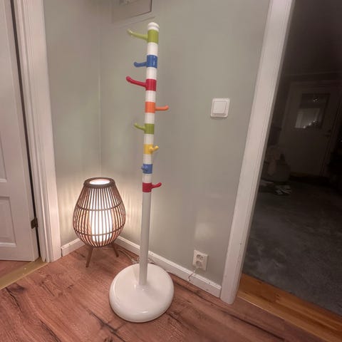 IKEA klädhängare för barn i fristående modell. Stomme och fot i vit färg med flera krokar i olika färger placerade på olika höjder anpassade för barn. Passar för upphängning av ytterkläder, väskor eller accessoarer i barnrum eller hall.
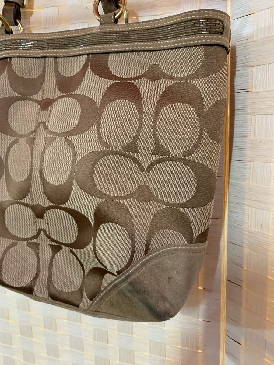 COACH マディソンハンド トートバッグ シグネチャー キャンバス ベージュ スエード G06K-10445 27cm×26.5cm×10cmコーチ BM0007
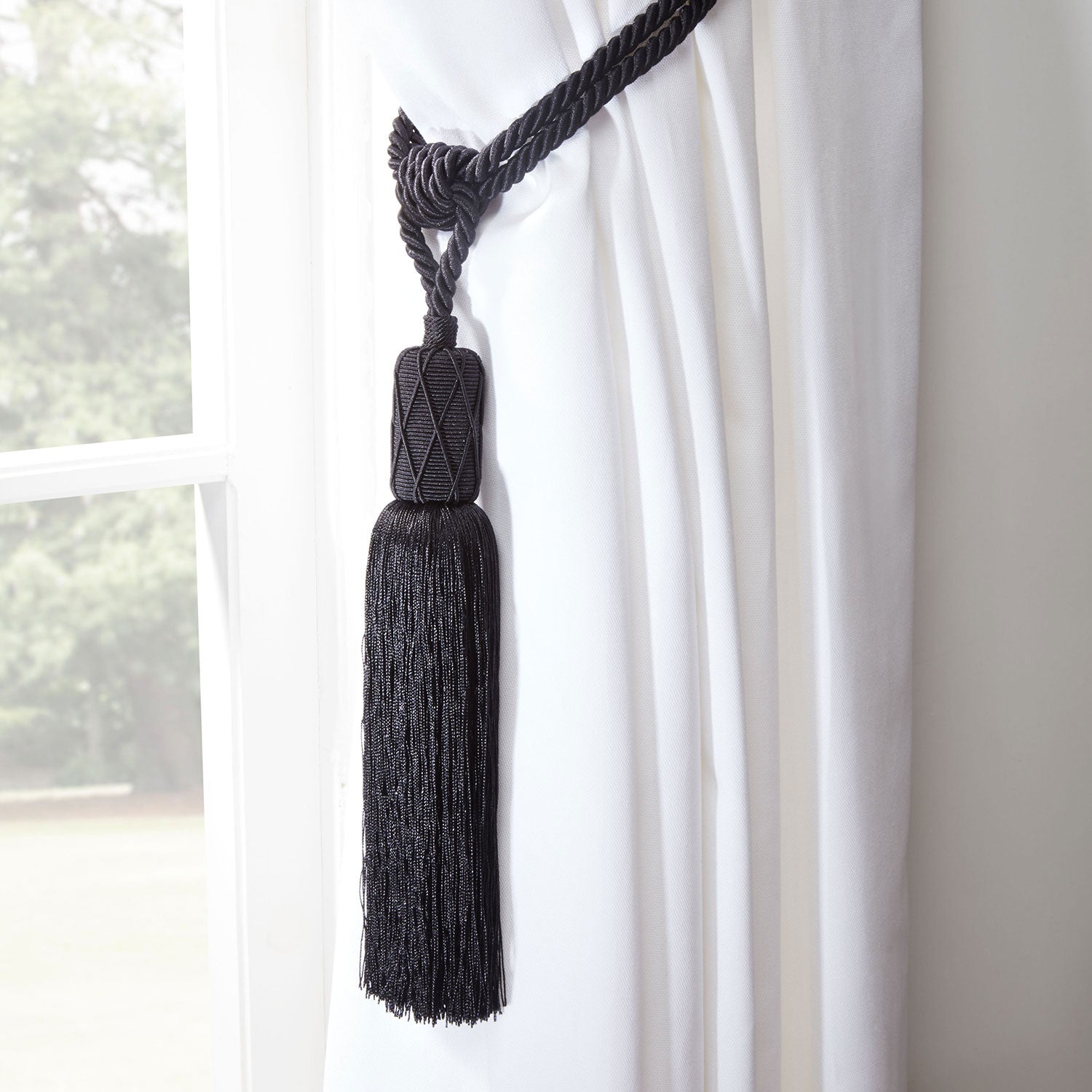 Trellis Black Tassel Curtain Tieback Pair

### Prompt
Would it be possible to give the material above again exactly, with the pictures left out?

### Result for this exercise
 IKEA klädhängare för barn i fristående modell. Stomme och fot i vit färg med flera krokar i olika färger placerade på olika höjder anpassade för barn. Passar för upphängning av ytterkläder, väskor eller accessoarer i barnrum eller hall.
 COACH マディソンハンド トートバッグ シグネチャー キャンバス ベージュ スエード G06K-10445 27cm×26.5cm×10cmコーチ BM0007
 Trellis Black Tassel Curtain Tieback Pair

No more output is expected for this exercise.